Geldner honored for work on Louisiana's Coastal Master Plan

Nathan Geldner, IE PhD candidate, won the Best Student Speaker award at the 2021 State of the Coast conference for his contributions to Louisiana’s 2023 Coastal Master Plan.

 

The Coalition to Restore Coastal Louisiana (CRCL) hosted "State of the Coast 2021", the sixth biennial conference, in partnership with Louisiana’s Coastal Protection and Restoration Authority, The Water Institute of the Gulf and Louisiana Sea Grant. The three-day virtual event was packed with presentations by cutting edge experts and included a mix of scientists, landowners/managers, federal and state agency personnel, local officials, industry and business leaders, resource users, and interested citizens.

At the conference, Gelder shared his work on the social-economic groups most effected by the loss of land mass to flooding. Geldner's advisor, Professor David Johnson has been working on Louisiana's Comprehensive Master Plan since 2009, long before joining Purdue. His team has continued to work on updates to the Master Plan along with other researchers across several institutions.

When asked what one thing could help protect those in greatest threat, Nathan replied, "Fund[ing] an unlimited amount of research on the subject. There's a lot of good work being done, but it's like the Coastline Paradox - the closer you look the more detailed the system is--and at the end of the day we've got a finite amount of time and resources to characterize an infinitely complex system. There always are and always will be more questions that deserve to be asked and answered lying just outside the scope of any major project."

After graduation, Geldner is considering seeking opportunities in the nonprofit, think tank, or non-governmental organization (NGO) space to continue project-based work surrounding environmental hazards. 

"Even though advancing the consideration of social vulnerability when addressing environmental hazards is a research aim of mine, [this work] was largely technical in nature, e.g. how to aggregate a pre-specified measure of social vulnerability spatially and over time..." 
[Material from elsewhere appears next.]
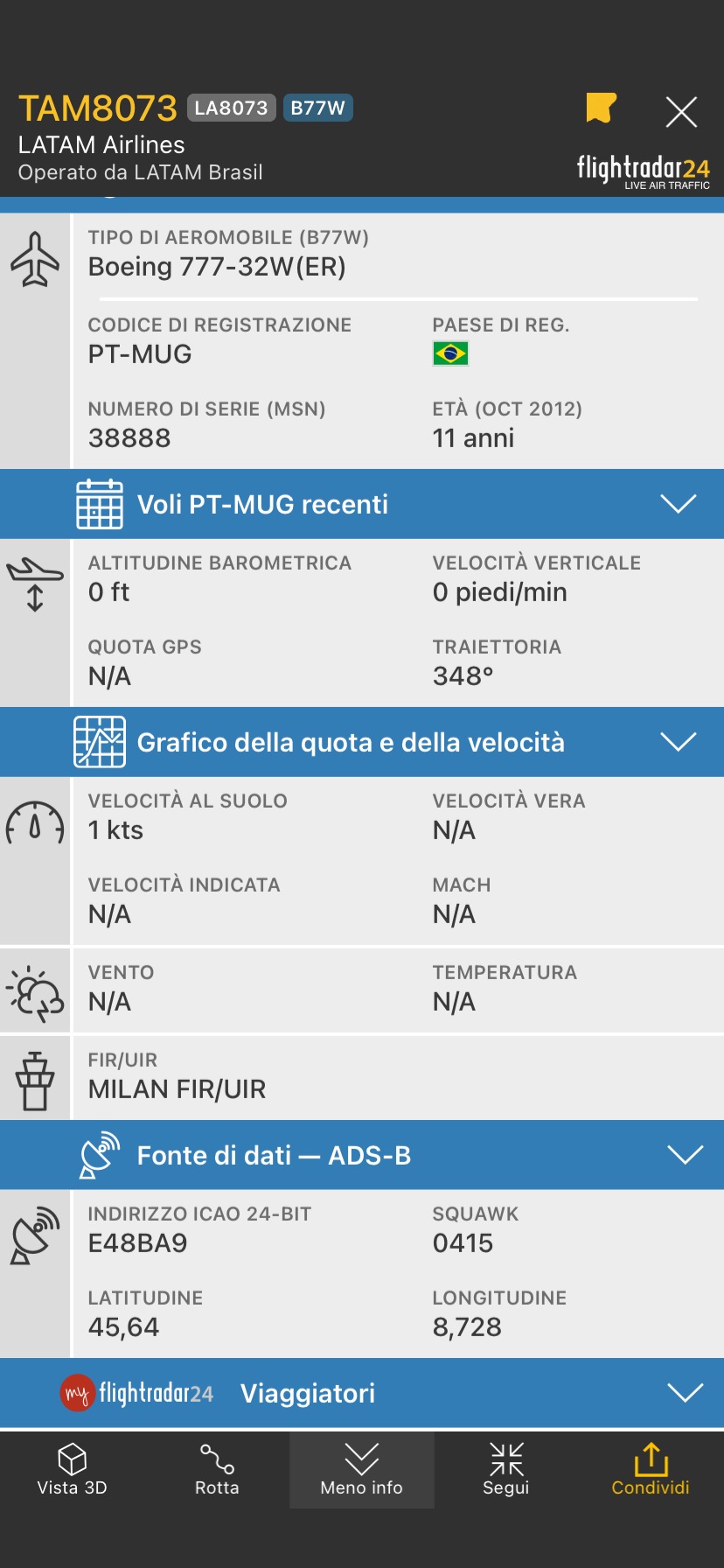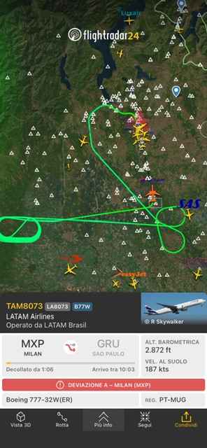 Nell’immagine si vede cosa ha fatto il Boeing 777-300ER LATAM che dopo il decollo alle 13:27 locali da Milano Malpensa non ha poi proseguito verso San Paolo.

Nathan continued, "However, I believe that applied researchers in most technical fields have a moral duty to consider the impact of their work on socially vulnerable populations, and that failure to do so perpetuates historical injustices and leaves people behind more generally. The folks working to consider social vulnerability for the 2023 revision of the Master Plan are doing a great job given the current state of the science."

CRCL Executive Director Kimberly Reyher stated the importance of the event, “Our state is experiencing some of the fastest rates of land loss in the world, with no end in sight. Sea levels are rising, and about 2,000 square miles of our state has simply vanished in less than a century. It is truly time for action. We are fortunate to have science-based solutions, funding and broad, bipartisan support.”

The Coalition to Restore Coastal Louisiana is a nonprofit organization whose mission is to drive bold, science-based action to rebuild coastal Louisiana through outreach, restoration and advocacy. The Water Institute of the Gulf is an institution that connects academic, public and private researchers and conducts applied research to serve communities and industry. The Coastal Protection and Restoration Authority is a state agency that directs Louisiana’s coastal priorities and implements restoration projects large and small. Louisiana Sea Grant is a college program based at LSU that promotes stewardship of the state’s coastal resources through a combination of research, education and outreach.

Writer: Julia M. Sibley

Sources: Nathan Geldner & David Johnson

 

ABSTRACT

Nathan Geldner, Purdue University

2023 COASTAL MASTER PLAN – RISK ASSESSMENT: SOCIAL VULNERABILITY AND OTHER METRICS

In the 2012 and 2017 Coastal Master Plans, storm surge-based flood risk reduction projects were evaluated and selected primarily on the basis of cost effectiveness, represented by the reduction in expected annual damage (EAD) per dollar of cost of a project. Cost effectiveness was explored over a range of uncertain environmental and planning conditions, such as sea level rise, subsidence, economic growth rate, and project costs. The planning process did not explicitly include analysis of how different populations might be impacted by planned projects based upon socio-demographic and economic differences.

However, there is a large and growing literature studying the relationships between socioeconomic factors, race and ethnicity, and social vulnerability to environmental hazards that suggests low-income or underrepresented communities have historically faced a disproportionate share of risk. For the 2023 Coastal Master Plan effort, additional data-driven metrics of social vulnerability are being considered for assessing and communicating outputs of risk assessment analyses (e.g., identifying economic risk to socially vulnerable subpopulations, determining the number of people or households living within the 100-year floodplain, etc.). In this talk, we will describe recommendations for metrics addressing social vulnerability with regard to geographic and economic variations across coastal Louisiana.